EXCERPTED RECORDS:
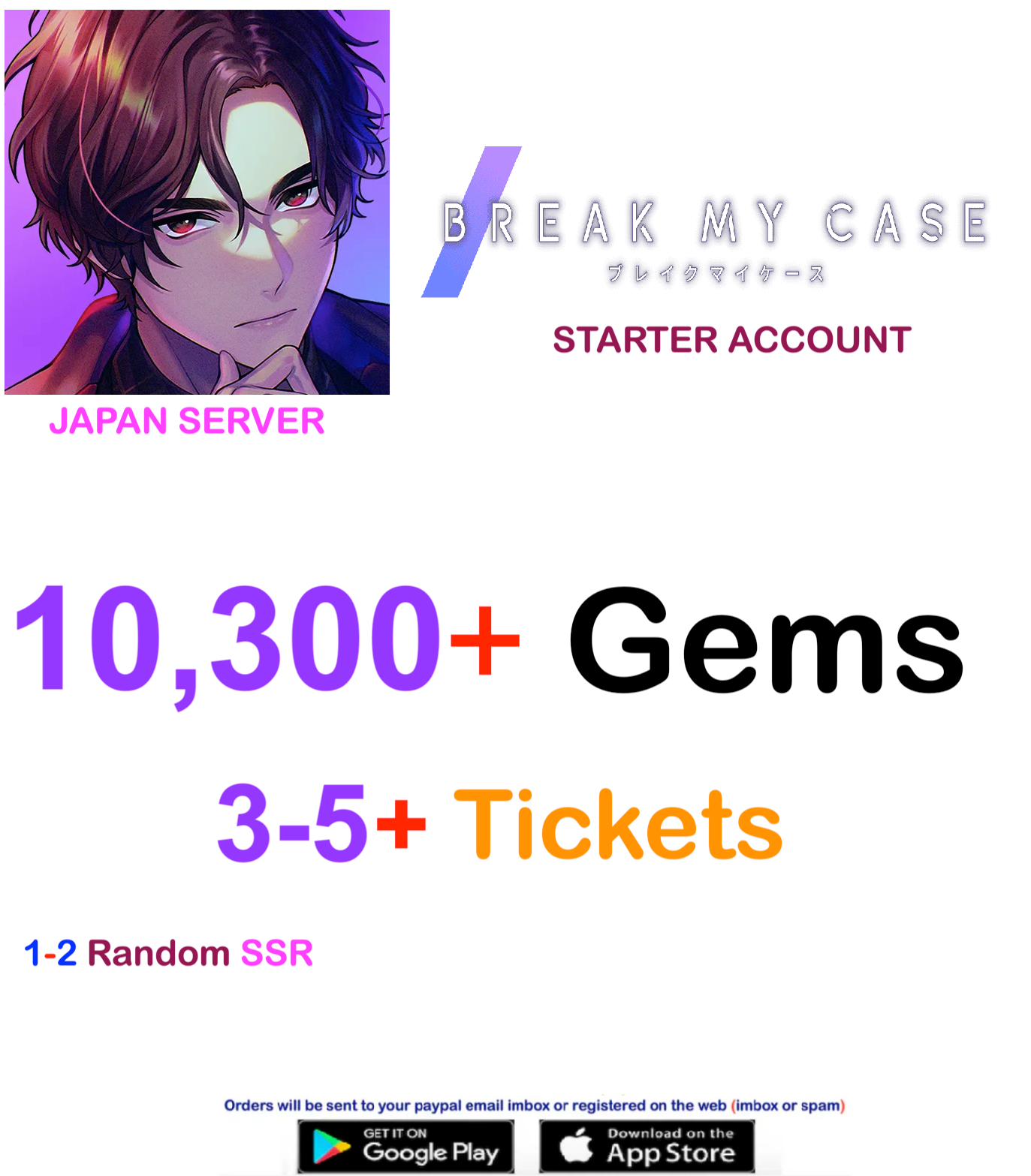 ⭐ Japan Server⭐ Instant Delivery⭐ 10,300 Gems + Break My Case Starter Account
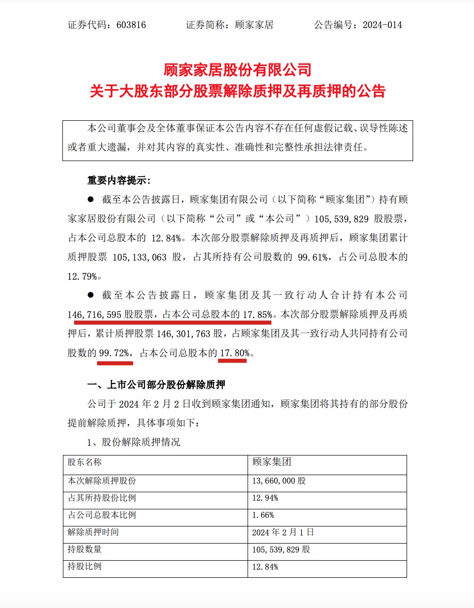 具体解除质押情况为,顾家集团于2024年2月1日解除质押1366万股,占其所持股份的12.94%,占总股本的1.66%。而这部分解除质押的股份已用于再质押。质押融资用途显示为补充流动性。
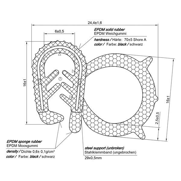 Teräsrunkoinen tiivistenauha sivupussilla, 2,0-4,0mm ainevahvuudelle. Käyttökohteet ovet, luukut ja levyt esimerkiksi ajoneuvoteollisuudessa. Jäykkä teräs runko. Materiaali EPDM. Lämmönkestävyys -35°C - + 90°C.
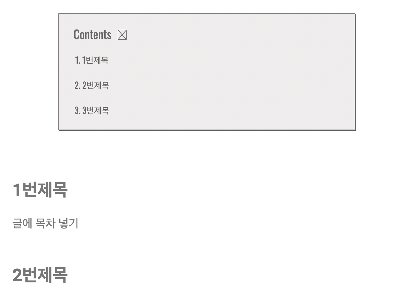 블로그에서 h2 태그로 구분한 제목을 뽑아서 목차로 만들어주는 것을 말합니다. 보통 수동으로 html 코드를 통해 넣고, 이를 위해서 css 내용도 수정을 해주어야 합니다.
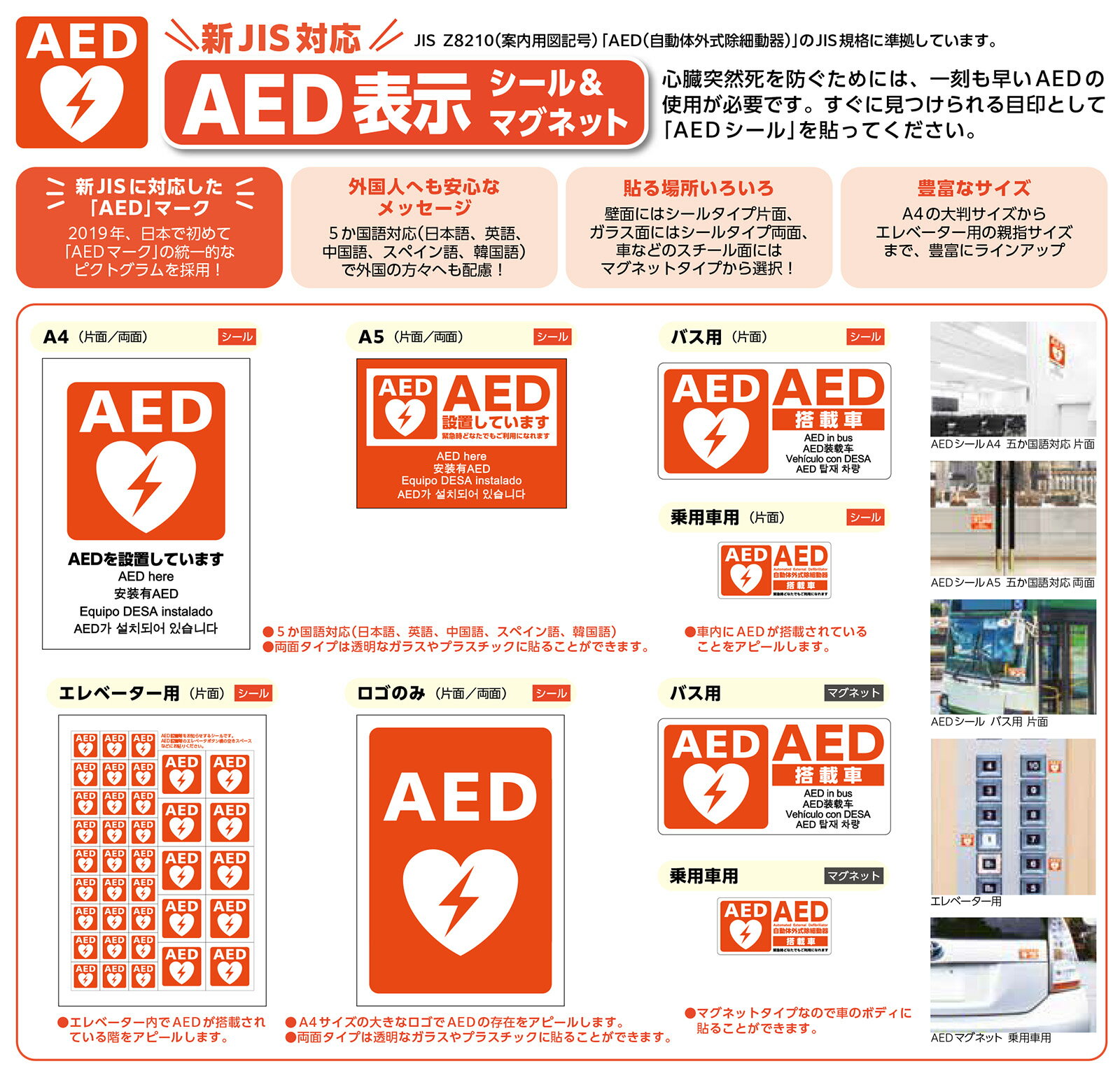■「日本AED財団」監修 JIS規格準拠 AED設置シール AEDマーク ステッカー■ サイズ:W100mm×H50mm■ 片面印刷■【AED搭載車】と一目でわかる片面印刷ステッカーです。■ 乗用車やタクシーに最適なサイズです。 AED(自動体外式除細動器)の設置場所を表示する新しい案内用図記号(JIS規格)が制定されました。 わが国ではAEDを表す統一的なピクトグラムが存在しておらず、様々なデザインマークが入り乱れて使用されてきました。 AEDは、緊急的な対応が必要となるものであり、人命救助の観点からも、緊急時にすぐに理解できる統一的なピクトグラムの必要性が高まっています。 この度JIS制定されたAEDの統一的ピクトグラムの普及により、AEDの設置状況がよりわかりやすくなり、緊急時の対応に役立つことが期待されます。 急な心停止で亡くなってしまう人(心臓突然死)の数は、1年間でなんと約7万人。 1日約200人、7.5分に1人が心臓突然死で亡くなっています。 しかし、心停止してから胸骨圧迫とAEDを適切に使用すれば約6倍の命が救えると言われています。 そこで、一刻も早くAEDを使用できるよう、すぐに見つけられる目印としてAEDシールがあります。
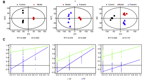 圖3A和圖4a顯示了小鼠肝臟組織和尿液的代表性1H NMR譜圖。為了研究NASH對小鼠代謝紊亂的影響,基于小鼠肝組織和尿液樣本的歸一化核磁共振波譜數(shù)據(jù),計算PCA和OPLS-DA模型,揭示葛根素的干預作用。觀察到對照組和模型組之間肝臟和尿代謝表型的清晰分離(圖3B, 4b和S1),表明MCD飲食誘導小鼠NASH后發(fā)生了一些顯著的生化變化。此外,PCA 和 OPLS-DA 得分圖揭示肝臟和泌尿代謝的完全分化模型和葛根素組之間的概況以及顯示葛根素組有恢復到健康對照組的趨勢,這可能歸因于葛根素對NASH的治療效果。兩個模型參數(shù)R2Y 和 Q2 以及置換測試的結果說明了OPLS-DA 模型的有效性(圖 3C 和 4C)。
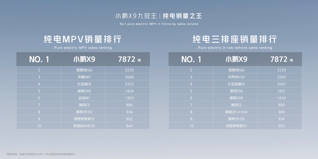 作为首款打破MPV界限的大七座车型,小鹏X9凭借着从产品设计到智驾科技的全面创新,实力获封“九冠王”称号。它不仅打破了传统MPV千篇一律的方盒子造型,将大七座MPV、大四座SUV合二为一,开创出超智能大七座家庭用车新品类,成为名副其实的品类创新之王。同时,小鹏X9还是市场公认的销量之王,2024年1月-3月累计交付7872台,稳居纯电MPV销量冠军以及纯电三排座销量冠军的宝座。

TO DO: Output the data exactly, pictures omitted.

OUTPUT BELOW:
 ⭐ Japan Server⭐ Instant Delivery⭐ 10,300 Gems + Break My Case Starter Account
 具体解除质押情况为,顾家集团于2024年2月1日解除质押1366万股,占其所持股份的12.94%,占总股本的1.66%。而这部分解除质押的股份已用于再质押。质押融资用途显示为补充流动性。
 Teräsrunkoinen tiivistenauha sivupussilla, 2,0-4,0mm ainevahvuudelle. Käyttökohteet ovet, luukut ja levyt esimerkiksi ajoneuvoteollisuudessa. Jäykkä teräs runko. Materiaali EPDM. Lämmönkestävyys -35°C - + 90°C.
 블로그에서 h2 태그로 구분한 제목을 뽑아서 목차로 만들어주는 것을 말합니다. 보통 수동으로 html 코드를 통해 넣고, 이를 위해서 css 내용도 수정을 해주어야 합니다.
■「日本AED財団」監修 JIS規格準拠 AED設置シール AEDマーク ステッカー■ サイズ:W100mm×H50mm■ 片面印刷■【AED搭載車】と一目でわかる片面印刷ステッカーです。■ 乗用車やタクシーに最適なサイズです。 AED(自動体外式除細動器)の設置場所を表示する新しい案内用図記号(JIS規格)が制定されました。 わが国ではAEDを表す統一的なピクトグラムが存在しておらず、様々なデザインマークが入り乱れて使用されてきました。 AEDは、緊急的な対応が必要となるものであり、人命救助の観点からも、緊急時にすぐに理解できる統一的なピクトグラムの必要性が高まっています。 この度JIS制定されたAEDの統一的ピクトグラムの普及により、AEDの設置状況がよりわかりやすくなり、緊急時の対応に役立つことが期待されます。 急な心停止で亡くなってしまう人(心臓突然死)の数は、1年間でなんと約7万人。 1日約200人、7.5分に1人が心臓突然死で亡くなっています。 しかし、心停止してから胸骨圧迫とAEDを適切に使用すれば約6倍の命が救えると言われています。 そこで、一刻も早くAEDを使用できるよう、すぐに見つけられる目印としてAEDシールがあります。
 圖3A和圖4a顯示了小鼠肝臟組織和尿液的代表性1H NMR譜圖。為了研究NASH對小鼠代謝紊亂的影響,基于小鼠肝組織和尿液樣本的歸一化核磁共振波譜數(shù)據(jù),計算PCA和OPLS-DA模型,揭示葛根素的干預作用。觀察到對照組和模型組之間肝臟和尿代謝表型的清晰分離(圖3B, 4b和S1),表明MCD飲食誘導小鼠NASH后發(fā)生了一些顯著的生化變化。此外,PCA 和 OPLS-DA 得分圖揭示肝臟和泌尿代謝的完全分化模型和葛根素組之間的概況以及顯示葛根素組有恢復到健康對照組的趨勢,這可能歸因于葛根素對NASH的治療效果。兩個模型參數(shù)R2Y 和 Q2 以及置換測試的結果說明了OPLS-DA 模型的有效性(圖 3C 和 4C)。
 作为首款打破MPV界限的大七座车型,小鹏X9凭借着从产品设计到智驾科技的全面创新,实力获封“九冠王”称号。它不仅打破了传统MPV千篇一律的方盒子造型,将大七座MPV、大四座SUV合二为一,开创出超智能大七座家庭用车新品类,成为名副其实的品类创新之王。同时,小鹏X9还是市场公认的销量之王,2024年1月-3月累计交付7872台,稳居纯电MPV销量冠军以及纯电三排座销量冠军的宝座。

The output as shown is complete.